Pruning Fruit Trees
My neighbors have several apple trees and a pear tree. Every year they set a ton of fruit, but it's usually pretty small. I don't think the trees have been pruned for a long time.
Brad Bergefurd is an extension horticulture educator at Ohio State University. He says harvesting quality tree fruit depends a lot on how you harvest sunlight. Late winter is the best time to take a step back, look at the tree, and make some pruning decisions.
"Look wherever the sunlight may not be penetrating down into that canopy of that tree. That's usually where we run into the most problems," says Bergefurd. "The whole canopy gets too thick and the sunlight does not get to the center of the tree, therefore our fruit production is reduced, the blooms are reduced, and basically it turns into a shade tree and that is not what we want for our tree fruit production."
Bergefurd says a common mistake he notices is that growers don't make pruning cuts early enough in the young stage of that tree's growth.
As soon as the tree is in the ground, he recommends a heading cut to establish the canopy system. Lateral cuts will remove any damaged limbs. In the following years, you'll make thinning cuts.

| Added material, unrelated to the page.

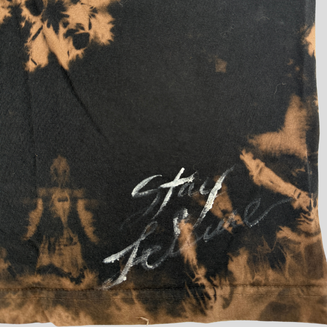 The Sleeveless Tie Dye T-Shirt blends vintage energy with modern edge. Featuring bold graphics and custom bleach-dye patterns, no two pieces are alike. This shirt carries the spirit of BOGA Venice — raw, cultural, and built for presence.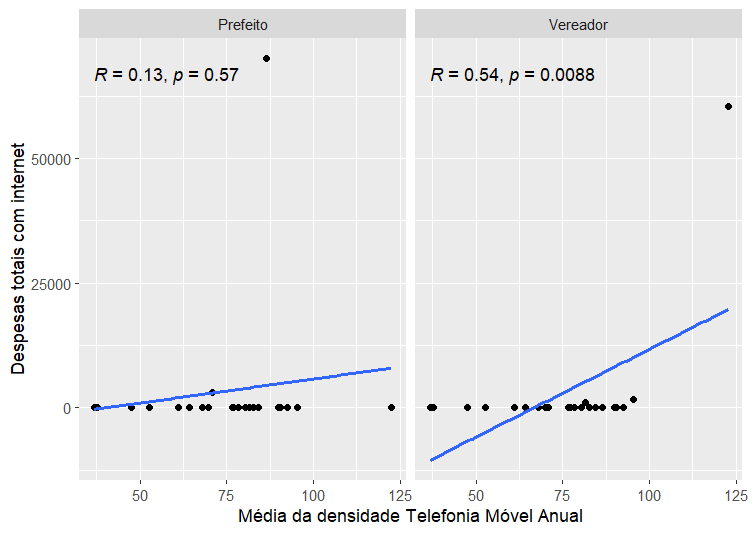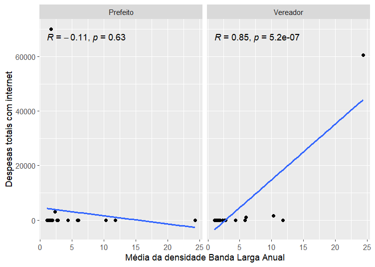 Passamos agora a análise da relação entre a cobertura da internet e os gastos com internet. Na figura 5 e 6, testamos a correlação entre densidade da banda larga nos municípios e densidade de telefonia móvel (X) e o percentual de gastos com internet no nível do município para candidatos a prefeito (Y). Ou seja, calculamos o total de despesas realizadas por todos os candidatos e, deste valor, o percentual de gastos com internet. A ideia é verificar em que medida há uma opção estratégica em aumentar esse tipo de despesa em localidades nas quais as pessoas têm mais acesso à conexão online. Os resultados do coeficiente de correlação de Pearson, para o caso de vereadores, indicam valores moderados, mas positivos e estatisticamente significativos. Em outras palavras, à medida em que aumenta a cobertura de internet no município, o gasto com esse tipo de estratégia de campanha também aumenta. No caso de prefeitos, essa relação não se verifica: não há correlação significa entre as duas variáveis.

"Thinning cuts involve removing entire limbs that maybe are rubbing against each other, that are competing with other limbs," he says. "The whole thing we're trying to do with a thinning cut is trying to open up that canopy for better sunlight penetration, better wind penetration, better spray penetration, and just to maintain the overall fruitfulness of the canopy's interior."
You'll remove limbs that are productive. But Bergefurd says trees that aren't pruned can over-produce, and you'll end up with a lot of small, non-marketable fruit. Do most of the pruning in the top of the tree so most of the lower branches are exposed to sunlight.